The great thing about spikes is that they can prove you wrong before you’ve wasted a lot of resources trying to build The Real Thing™. They help you overcome perfectionism by making sure you don’t lose yourself in details right from the get-go. No wonder spikes are listed among the Rules of Extreme Programming.
That’s enough praising for now. Let me give you a real-world example. Last year, when I was still working at Jimdo, we were looking for a more reliable service for running periodic batch jobs inside our PaaS. One of the candidates that caught my attention was Nomad, the cluster scheduler developed by HashiCorp.
As the Lean Enterprise book has taught us, we should only spend time on automation for products or features once they have been validated. Anything else is wasteful. Rather than rushing to automate Nomad’s setup in AWS on day one (which later turned out to take a couple of weeks), I decided to create a spike first. Before adding yet another tool to our stack and taking on the burden of operating it, I wanted to learn more about Nomad’s capabilities and figure out if it was the right choice for us.
As I mentioned, we were looking for a reliable cron solution. The spike’s purpose was to convince us that Nomad was at least worth a closer look. To that end, I asked myself: what would be the simplest setup to achieve that goal?

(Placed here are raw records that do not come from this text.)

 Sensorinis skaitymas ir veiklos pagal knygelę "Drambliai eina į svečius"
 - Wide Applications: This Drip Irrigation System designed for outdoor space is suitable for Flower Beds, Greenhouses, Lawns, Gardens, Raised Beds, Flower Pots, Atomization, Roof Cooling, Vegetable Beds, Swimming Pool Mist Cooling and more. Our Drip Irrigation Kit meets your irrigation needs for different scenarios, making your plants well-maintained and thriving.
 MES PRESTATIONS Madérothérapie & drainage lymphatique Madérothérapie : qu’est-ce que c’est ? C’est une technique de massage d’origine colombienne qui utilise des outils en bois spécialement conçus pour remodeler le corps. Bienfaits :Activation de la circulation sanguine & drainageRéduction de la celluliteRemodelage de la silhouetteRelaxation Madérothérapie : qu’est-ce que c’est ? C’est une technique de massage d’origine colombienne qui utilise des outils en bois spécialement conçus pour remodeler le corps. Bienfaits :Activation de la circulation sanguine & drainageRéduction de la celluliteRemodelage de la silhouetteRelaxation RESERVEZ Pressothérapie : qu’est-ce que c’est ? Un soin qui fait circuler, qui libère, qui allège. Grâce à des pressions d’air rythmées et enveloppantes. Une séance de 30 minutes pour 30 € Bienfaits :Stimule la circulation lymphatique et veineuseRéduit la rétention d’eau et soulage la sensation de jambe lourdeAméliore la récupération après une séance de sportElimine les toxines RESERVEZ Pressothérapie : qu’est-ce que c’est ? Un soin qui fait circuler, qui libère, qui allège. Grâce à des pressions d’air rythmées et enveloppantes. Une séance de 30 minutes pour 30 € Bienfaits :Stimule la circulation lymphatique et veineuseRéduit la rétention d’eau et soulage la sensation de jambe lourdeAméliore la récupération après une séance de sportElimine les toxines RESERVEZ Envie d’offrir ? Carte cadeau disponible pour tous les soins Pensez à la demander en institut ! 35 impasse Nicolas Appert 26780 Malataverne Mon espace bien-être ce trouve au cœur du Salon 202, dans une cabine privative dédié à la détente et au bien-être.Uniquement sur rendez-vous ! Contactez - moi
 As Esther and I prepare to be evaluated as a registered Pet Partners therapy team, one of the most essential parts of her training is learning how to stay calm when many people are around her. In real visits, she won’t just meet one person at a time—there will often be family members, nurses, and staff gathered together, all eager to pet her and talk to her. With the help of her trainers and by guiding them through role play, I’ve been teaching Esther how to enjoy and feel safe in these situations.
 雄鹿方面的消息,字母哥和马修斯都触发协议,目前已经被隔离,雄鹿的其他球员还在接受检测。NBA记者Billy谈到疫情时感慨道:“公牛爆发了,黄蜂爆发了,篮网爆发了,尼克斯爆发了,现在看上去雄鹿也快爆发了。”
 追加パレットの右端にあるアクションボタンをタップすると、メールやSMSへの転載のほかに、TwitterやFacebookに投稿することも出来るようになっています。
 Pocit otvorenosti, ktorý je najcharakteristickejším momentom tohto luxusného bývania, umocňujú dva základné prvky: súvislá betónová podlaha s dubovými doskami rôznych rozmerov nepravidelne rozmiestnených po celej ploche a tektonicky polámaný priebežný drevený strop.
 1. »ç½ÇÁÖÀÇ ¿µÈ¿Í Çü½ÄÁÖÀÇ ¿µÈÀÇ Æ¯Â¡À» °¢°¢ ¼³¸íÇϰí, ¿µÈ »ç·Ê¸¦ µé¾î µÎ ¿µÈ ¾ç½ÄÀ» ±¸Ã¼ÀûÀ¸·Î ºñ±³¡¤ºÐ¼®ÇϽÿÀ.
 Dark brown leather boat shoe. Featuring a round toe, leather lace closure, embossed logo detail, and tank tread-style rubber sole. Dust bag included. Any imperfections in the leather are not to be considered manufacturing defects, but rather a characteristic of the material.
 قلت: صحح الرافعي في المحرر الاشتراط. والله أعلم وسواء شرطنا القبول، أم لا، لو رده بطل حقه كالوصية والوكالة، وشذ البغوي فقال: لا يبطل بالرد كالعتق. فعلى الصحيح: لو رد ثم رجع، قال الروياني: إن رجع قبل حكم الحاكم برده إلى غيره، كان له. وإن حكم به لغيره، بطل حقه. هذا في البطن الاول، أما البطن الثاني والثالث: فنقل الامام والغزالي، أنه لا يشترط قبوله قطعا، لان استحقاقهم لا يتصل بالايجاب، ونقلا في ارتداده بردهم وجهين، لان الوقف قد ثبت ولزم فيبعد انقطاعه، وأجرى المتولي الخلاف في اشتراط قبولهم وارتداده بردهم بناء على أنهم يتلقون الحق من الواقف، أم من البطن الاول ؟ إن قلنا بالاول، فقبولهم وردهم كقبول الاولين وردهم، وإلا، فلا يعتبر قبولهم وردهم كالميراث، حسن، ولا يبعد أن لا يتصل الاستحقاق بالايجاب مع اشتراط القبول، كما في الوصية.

I ended up doing some local testing with Vagrant based on a demo that ships with Nomad. For the spike, I started a Nomad server and two Nomad clients inside the virtual machine managed by Vagrant. I then created a minimal periodic job that would send a message to a Slack channel every minute. Based on this quick experiment, I was able to learn more about Nomad’s mechanics and test its resilience to different kinds of injected failures, like killing one or both clients. (During testing, I actually encountered a serious bug in Nomad causing successful batch jobs to be run again after restarting a stopped client. Luckily, that bug had been fixed in master the day before…)
All in all, the spike was a success. We continued doing more experiments in AWS, gradually going from a one node setup to operating Nomad in a highly-available fashion.
In a sense, spikes are low-risk experiments – not unlike Chaos Engineering experiments – to validate assumptions early on. I consider them an essential part of my software development toolbox.
Next time you hit a roadblock, a spike or two might be all you need to move forward.